Information, diagrams and photos provided by Don Davidson who observed and experienced this event at Pigeon Lake

On the evening of January 1, 2018, residents who live near Pigeon Lake and other lakes in central Alberta may have experienced a seismic event called an “ice quake.” This event, measured at 2.0 on the Richter scale by Alberta Geological Survey, caused a tremendous bang, shaking homes and, in some cases, damaging buildings and ground near the shoreline. It also caused a great deal of concern by those who experienced the event. The ice quake was caused by the rapid movement of the ice, and although this phenomenon occurs regularly on northern lakes, the cause is not generally understood. This ice quake occurred on a day that had a 14-degree change in temperature over 7 hours (see Figure 1).
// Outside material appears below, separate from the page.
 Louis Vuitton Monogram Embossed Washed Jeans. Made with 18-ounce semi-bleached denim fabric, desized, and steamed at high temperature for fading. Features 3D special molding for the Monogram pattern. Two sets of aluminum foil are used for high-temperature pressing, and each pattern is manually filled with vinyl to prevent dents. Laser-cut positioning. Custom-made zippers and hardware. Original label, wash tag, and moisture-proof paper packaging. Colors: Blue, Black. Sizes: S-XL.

Ice quakes, technically known as cyroseisms, occur when there is a sudden release of energy from ice under stress. As ice is formed under dropping temperatures, the internal stresses are released by cracking of the ice, causing some very eerie noises, much like a moaning sound. As ice thickens and becomes stronger, dropping temperatures cause it to contract and crack with a roaring sound. If you are on the ice when it happens, this sound can be a frightening, but it is not dangerous. Because of its low tensile strength, ice fractures before high stresses can develop, and any shock wave produced is not significant.
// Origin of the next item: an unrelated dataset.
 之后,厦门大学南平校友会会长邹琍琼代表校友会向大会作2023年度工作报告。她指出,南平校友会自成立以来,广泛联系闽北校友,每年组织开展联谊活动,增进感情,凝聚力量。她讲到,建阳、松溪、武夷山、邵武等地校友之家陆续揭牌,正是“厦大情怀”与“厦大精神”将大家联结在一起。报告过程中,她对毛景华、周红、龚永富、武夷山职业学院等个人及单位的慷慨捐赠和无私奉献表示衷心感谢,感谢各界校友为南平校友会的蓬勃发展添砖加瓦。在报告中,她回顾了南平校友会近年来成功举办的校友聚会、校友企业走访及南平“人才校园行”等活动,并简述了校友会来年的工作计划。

The really big events are caused by the thermal expansion of the ice that happens when a period of very cold weather is followed by a rapid increase in temperature. As the ice warms, it expands in a manner that can be calculated using the coefficient of thermal expansion (0.00005/degree C). If a lake is 4 km wide, the amount of expansion associated with a 20-degree increase in the temperature of the ice is calculated to be .00005 x 20 C x 4000 m or 4 metres. If the thickness of the ice is not significant, the expansion is usually accommodated by the gradual formation of an ice ridge along the shoreline. But if the ice is thick and has become firmly fastened to the lakebed near the shoreline, it cannot expand, so large internal stresses build up. At some point, the ice will fail and release a tremendous amount of energy. The failure usually takes form of buckling of the ice in the middle of the lake or along the shoreline. In some cases the ice advances onto the adjacent shoreline. This movement can damage yards and buildings or topple trees by displacing their roots.

Figure 1. Hourly recording of temperature in Edmonton January 1, 2018 ( 14 C increase in 7 hours)
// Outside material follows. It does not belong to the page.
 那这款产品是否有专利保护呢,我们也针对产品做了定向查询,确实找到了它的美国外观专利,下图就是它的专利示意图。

If the increase in temperature is gradual, the resulting stresses are dissipated by the “flow” of ice in a manner similar to the flow of glaciers. The ice slowly deforms without any associated cracking.

The photographs below show a crack formed by the contraction of the ice, the expansion of thin ice at the edge of the lake, and the formation of an ice ridge from thermal expansion. It was the formation of this ice ridge that caused the ice quake. Although winds may trigger an ice quake, they were not the cause of this event.